◆ **PROMPT**: Below is a listing with pictures. Repeat exactly the lines starting at the one holding "Brinco indiano pequeno" and going on through the one holding "660D x 750H", and leave every picture out.
DATA EXTRACTS Block Start
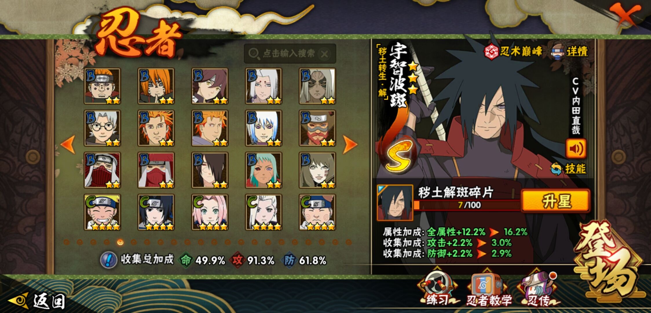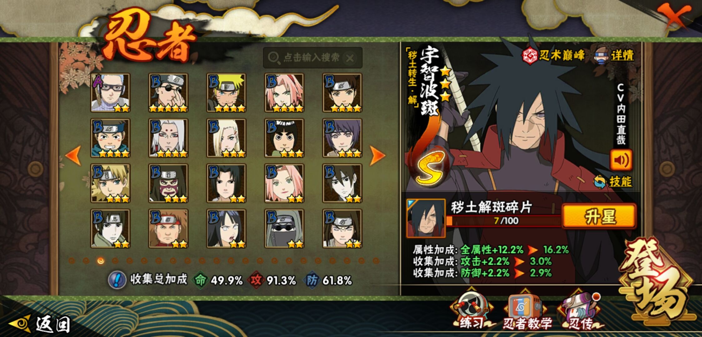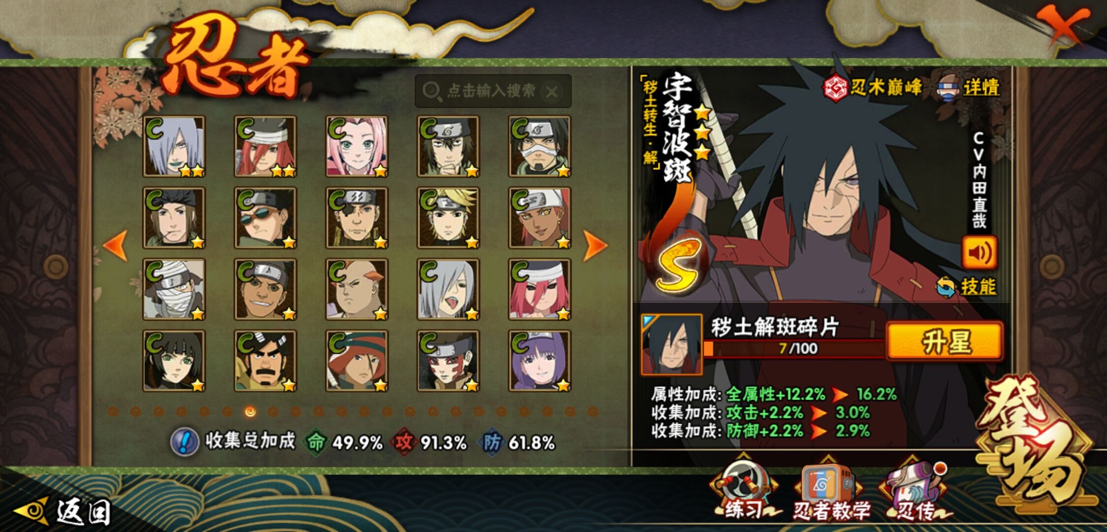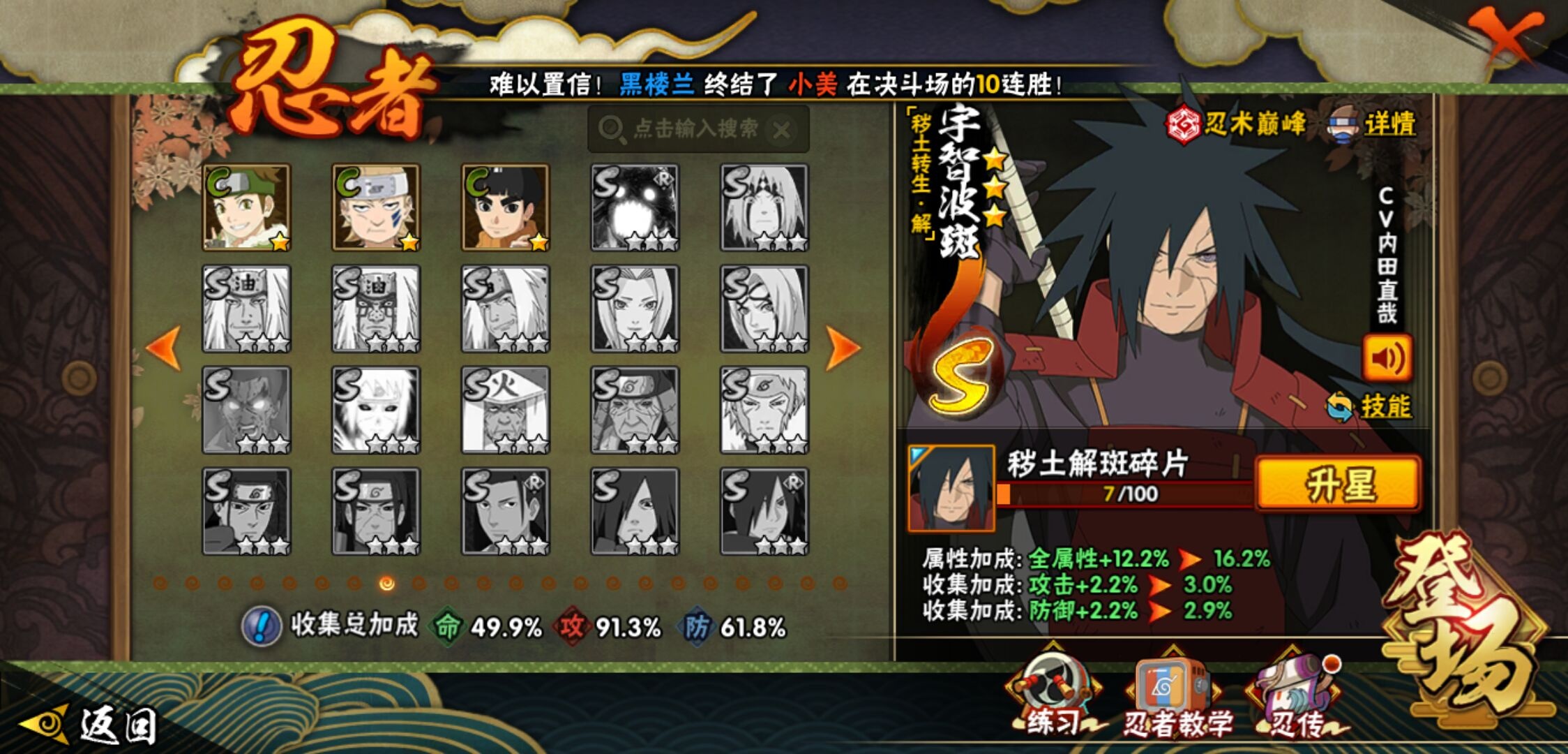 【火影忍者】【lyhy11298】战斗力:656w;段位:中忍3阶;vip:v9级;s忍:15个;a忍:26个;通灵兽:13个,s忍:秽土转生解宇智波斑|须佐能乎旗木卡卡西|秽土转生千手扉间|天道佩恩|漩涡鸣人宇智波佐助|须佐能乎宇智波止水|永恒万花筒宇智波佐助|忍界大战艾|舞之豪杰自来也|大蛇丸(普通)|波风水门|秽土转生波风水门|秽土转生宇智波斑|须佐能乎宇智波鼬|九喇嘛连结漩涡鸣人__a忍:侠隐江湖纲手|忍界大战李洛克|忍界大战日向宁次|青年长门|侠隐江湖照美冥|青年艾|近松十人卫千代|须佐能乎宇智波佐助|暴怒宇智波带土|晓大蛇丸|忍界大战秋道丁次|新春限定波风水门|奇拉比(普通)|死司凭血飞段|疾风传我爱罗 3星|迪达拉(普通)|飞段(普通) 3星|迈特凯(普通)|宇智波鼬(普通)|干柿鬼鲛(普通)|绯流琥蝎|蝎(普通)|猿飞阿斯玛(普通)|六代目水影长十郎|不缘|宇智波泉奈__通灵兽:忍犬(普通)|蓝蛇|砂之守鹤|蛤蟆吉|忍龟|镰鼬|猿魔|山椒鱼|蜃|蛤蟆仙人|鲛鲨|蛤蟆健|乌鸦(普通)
DATA EXTRACTS Block End
DATA EXTRACTS Block Start
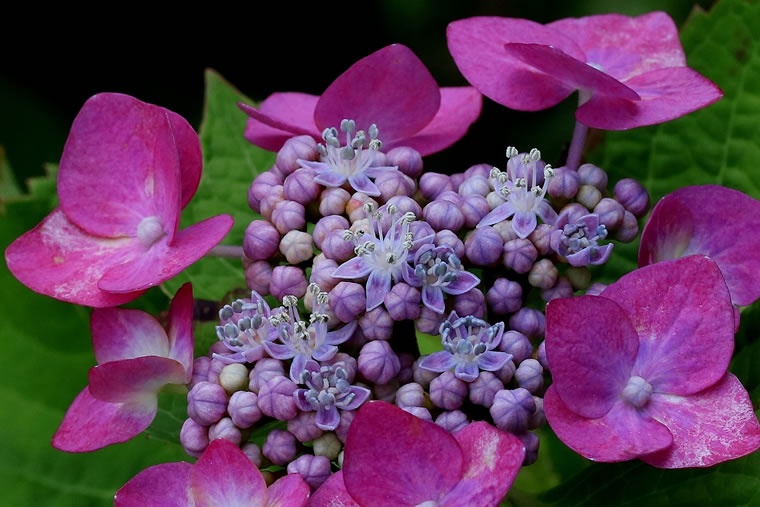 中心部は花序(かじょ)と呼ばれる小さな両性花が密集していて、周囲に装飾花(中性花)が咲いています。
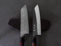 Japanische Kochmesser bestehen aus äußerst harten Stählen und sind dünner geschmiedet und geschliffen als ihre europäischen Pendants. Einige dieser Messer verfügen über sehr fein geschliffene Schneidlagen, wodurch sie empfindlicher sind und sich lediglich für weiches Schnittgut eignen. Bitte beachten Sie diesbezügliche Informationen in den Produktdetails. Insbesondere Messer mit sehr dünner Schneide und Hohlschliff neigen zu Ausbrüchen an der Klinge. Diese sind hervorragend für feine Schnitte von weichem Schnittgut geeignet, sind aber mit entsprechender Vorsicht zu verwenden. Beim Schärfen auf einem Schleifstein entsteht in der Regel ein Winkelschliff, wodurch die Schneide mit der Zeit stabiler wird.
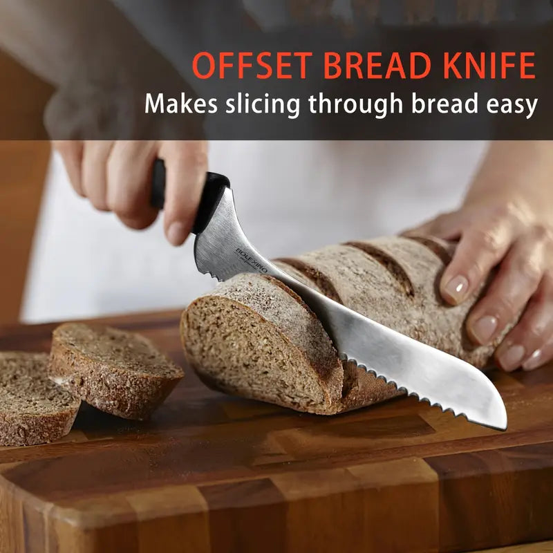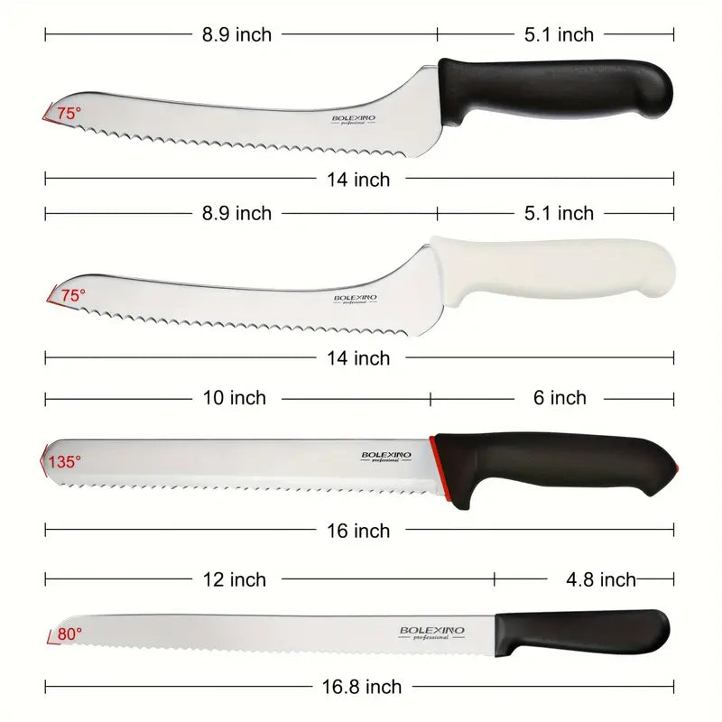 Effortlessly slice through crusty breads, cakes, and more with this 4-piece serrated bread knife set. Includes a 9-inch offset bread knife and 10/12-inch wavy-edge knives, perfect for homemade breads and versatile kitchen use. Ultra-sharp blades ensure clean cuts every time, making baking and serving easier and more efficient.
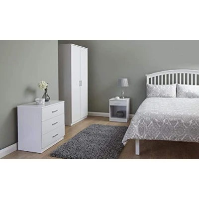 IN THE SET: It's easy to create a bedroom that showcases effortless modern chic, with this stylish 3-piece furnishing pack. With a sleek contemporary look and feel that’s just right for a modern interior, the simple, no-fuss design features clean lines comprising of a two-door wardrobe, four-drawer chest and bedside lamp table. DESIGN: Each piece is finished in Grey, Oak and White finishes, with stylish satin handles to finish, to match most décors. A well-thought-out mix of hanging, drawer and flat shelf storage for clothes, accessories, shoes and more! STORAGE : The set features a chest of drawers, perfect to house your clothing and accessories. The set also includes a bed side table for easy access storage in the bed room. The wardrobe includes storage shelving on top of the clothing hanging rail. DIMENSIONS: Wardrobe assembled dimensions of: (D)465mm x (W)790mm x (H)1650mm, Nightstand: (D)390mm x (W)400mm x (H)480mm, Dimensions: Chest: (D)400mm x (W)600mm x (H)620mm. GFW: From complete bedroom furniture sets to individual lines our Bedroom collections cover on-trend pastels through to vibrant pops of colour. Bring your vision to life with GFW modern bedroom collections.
DATA EXTRACTS Block End
DATA EXTRACTS Block Start
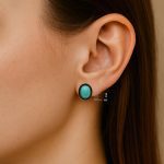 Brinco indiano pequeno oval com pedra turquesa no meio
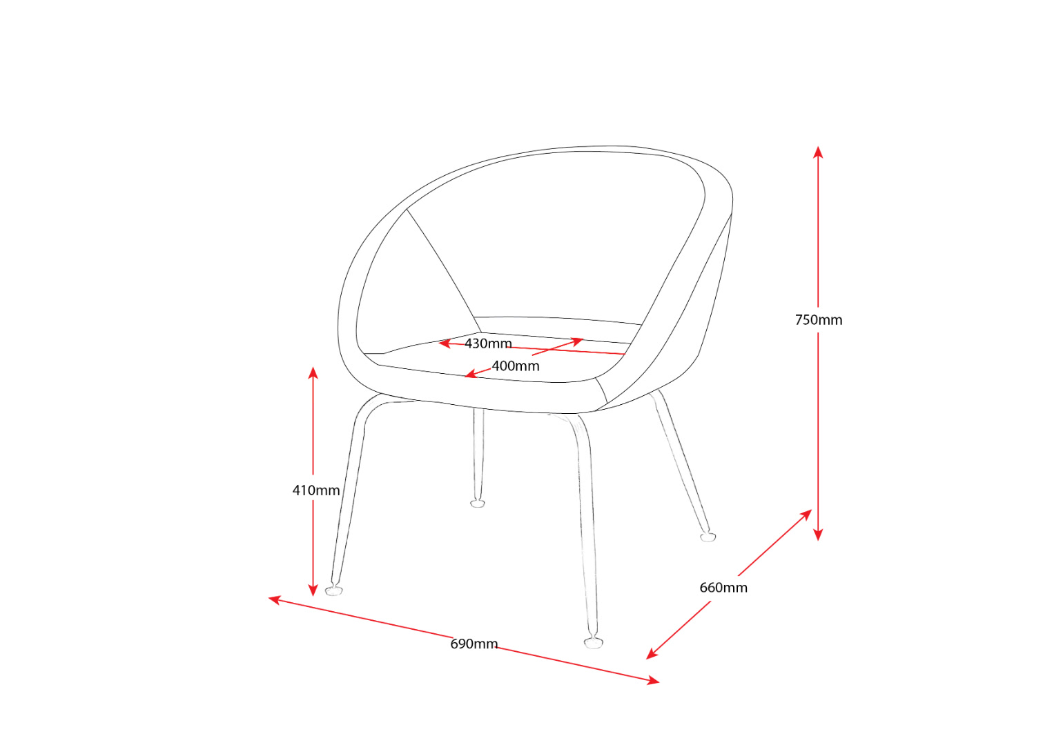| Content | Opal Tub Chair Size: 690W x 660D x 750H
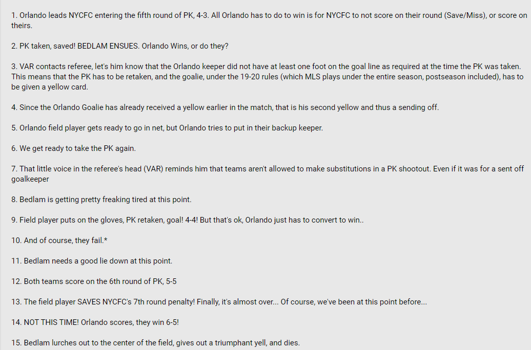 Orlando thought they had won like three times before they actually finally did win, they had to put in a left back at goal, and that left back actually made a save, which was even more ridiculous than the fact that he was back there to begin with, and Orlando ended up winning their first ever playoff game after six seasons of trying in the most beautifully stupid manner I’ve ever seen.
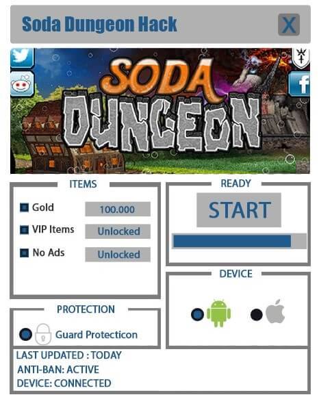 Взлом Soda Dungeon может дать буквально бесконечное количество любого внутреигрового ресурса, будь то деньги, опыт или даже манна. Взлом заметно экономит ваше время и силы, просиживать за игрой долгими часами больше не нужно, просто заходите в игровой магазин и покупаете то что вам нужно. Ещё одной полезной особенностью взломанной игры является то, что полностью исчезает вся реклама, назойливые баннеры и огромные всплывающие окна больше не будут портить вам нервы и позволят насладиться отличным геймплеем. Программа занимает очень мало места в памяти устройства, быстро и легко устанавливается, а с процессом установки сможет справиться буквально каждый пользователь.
DATA EXTRACTS Block End
◆ **RESULT**:
 Brinco indiano pequeno oval com pedra turquesa no meio
| Content | Opal Tub Chair Size: 690W x 660D x 750H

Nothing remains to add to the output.